§ **Try it**
Lower down are entries containing pictures. Copy exactly, without those pictures, the lines from the line with "10/50Pcs USA American" through the line with "Цветы Гортензии (CV16)".

§ **The input**
##########

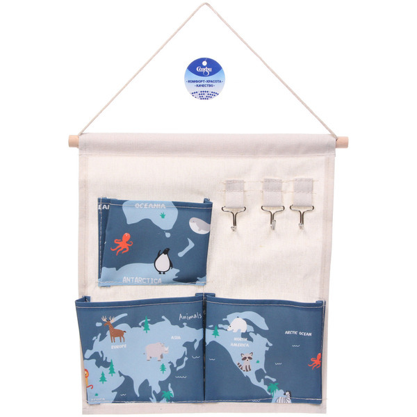Карман настенный подвесной 3отд. 3 крючка "Карта мира", 34*30см (лейбл Селфи) Вопросы по товару
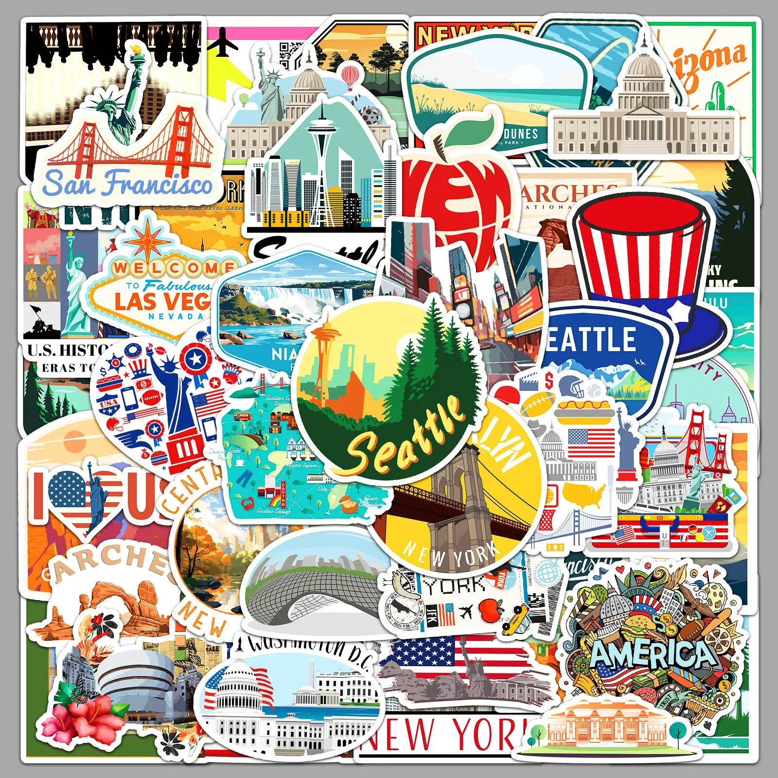 10/50Pcs USA American New York Travel Stickers Aesthetic Decals DIY Luggage Phone Motorcycle Car Bike Laptop Kids Sticker Toy
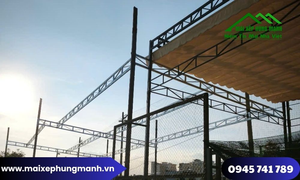 - Mái xếp bạt PVC: từ 550.000 – 850.000 VNĐ/m²
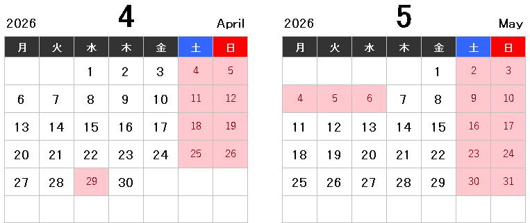 本年のゴールデンウィーク中の営業日、休業日を下記の通りとさせていただきます。
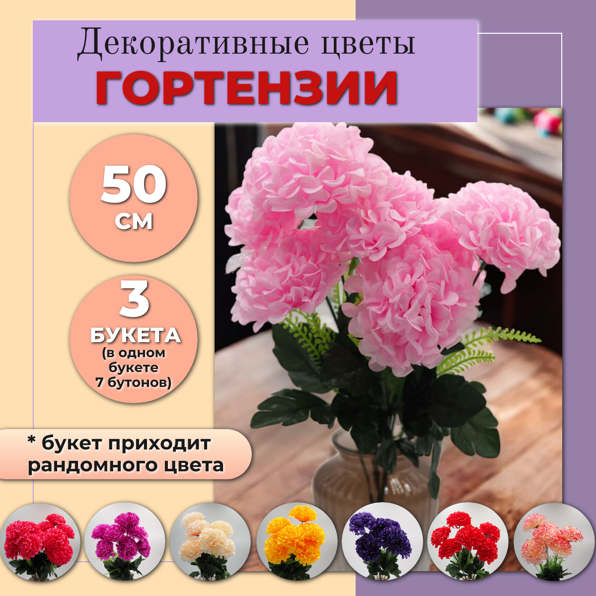 Цветы Гортензии (CV16) декоративные, искусственные, интерьерные 3 букета, 50см, микс интересное:
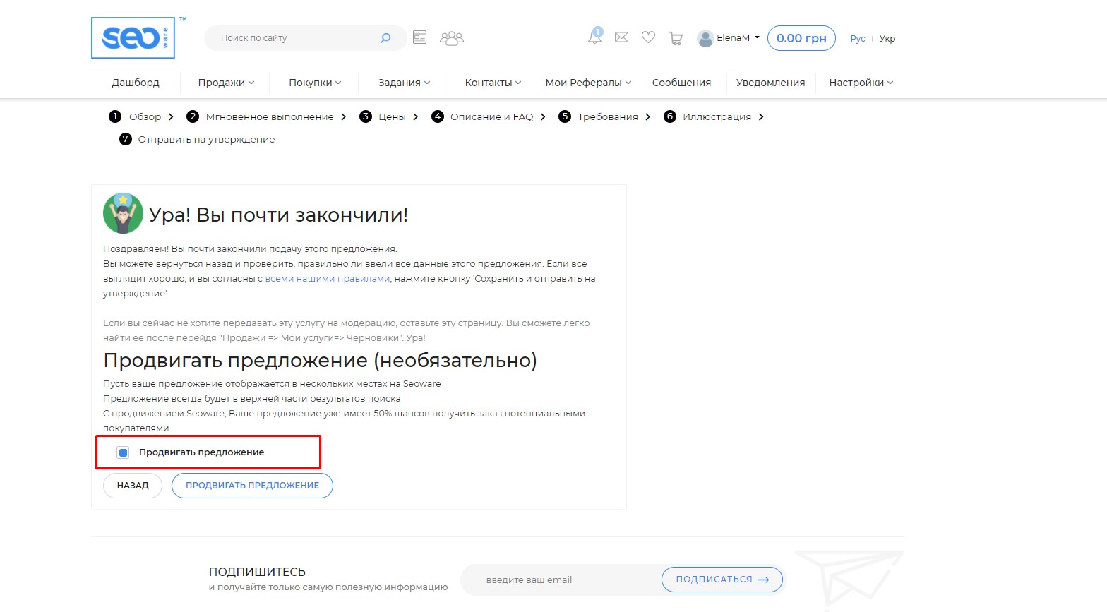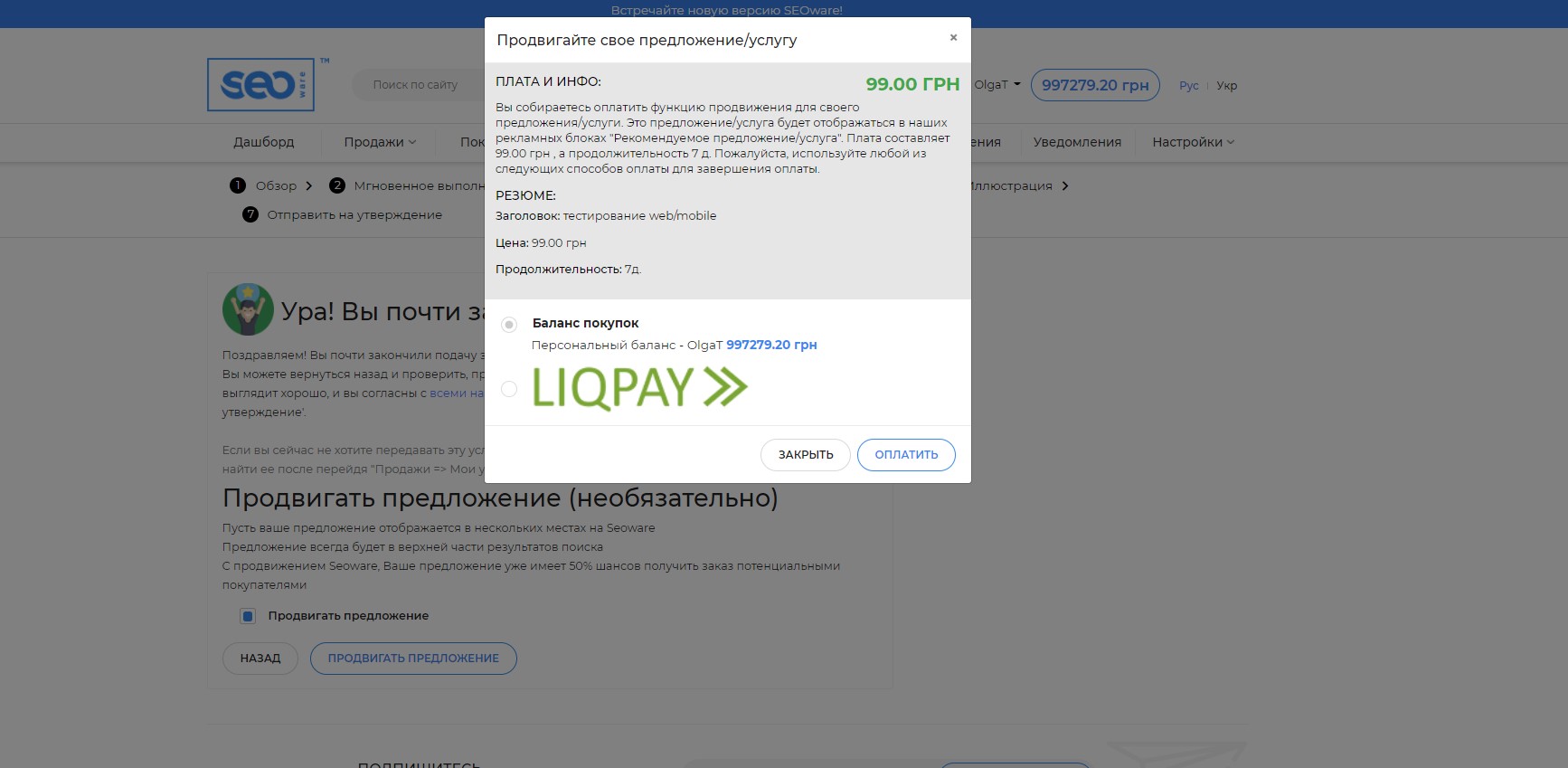 В открывшемся окне выберите способ оплаты и подтвердите действие, при корректной оплате Вы получите уведомление о продвижении Вашего предложения на сайте.
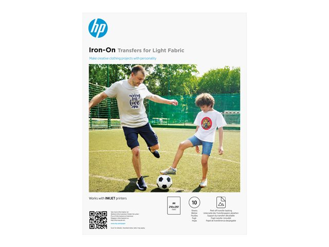Produktbeskrivning HP - transfertryck - 10 etikett (er) - A4 Typ av produkt Transfertryck Mediastorlek Lätt tyg A4 (210 x 297 mm) Medföljande antal 10 etikett (er) - Nedladdningsbara filer
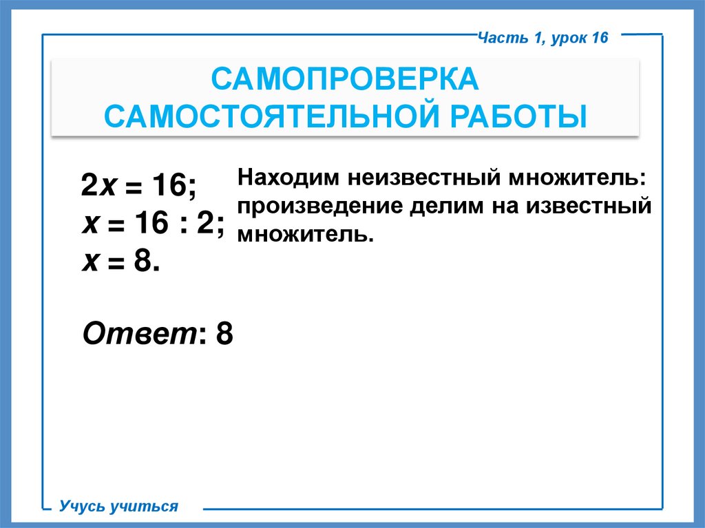 2x = 16; Находим неизвестный множитель:
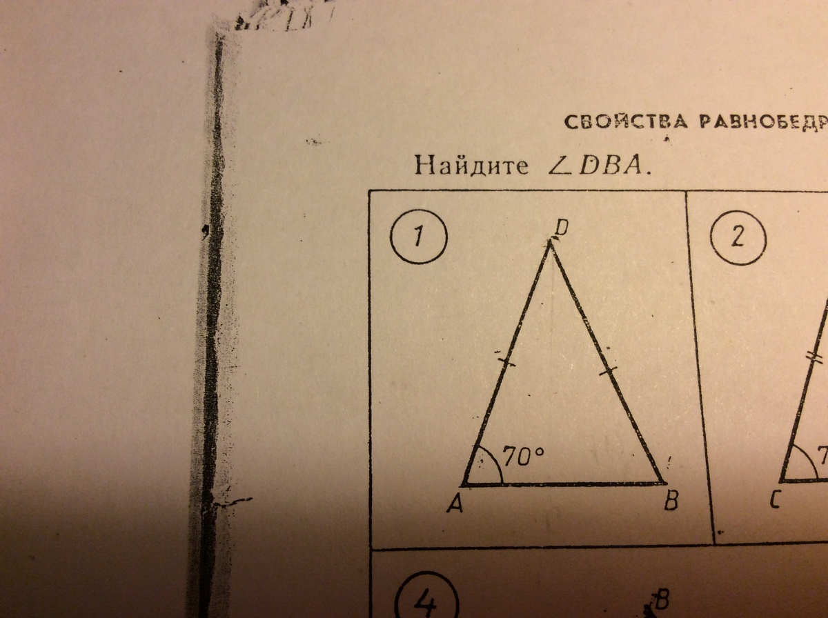 Так как треугольник равнобедренный то, по свойству равнобедренного треугольника "углы при основании равны. От сюда следует что угол ДБА равен углу БАД , то есть 70 градусов.

##########

§ **Result**
 10/50Pcs USA American New York Travel Stickers Aesthetic Decals DIY Luggage Phone Motorcycle Car Bike Laptop Kids Sticker Toy
 - Mái xếp bạt PVC: từ 550.000 – 850.000 VNĐ/m²
 本年のゴールデンウィーク中の営業日、休業日を下記の通りとさせていただきます。
 Цветы Гортензии (CV16) декоративные, искусственные, интерьерные 3 букета, 50см, микс интересное:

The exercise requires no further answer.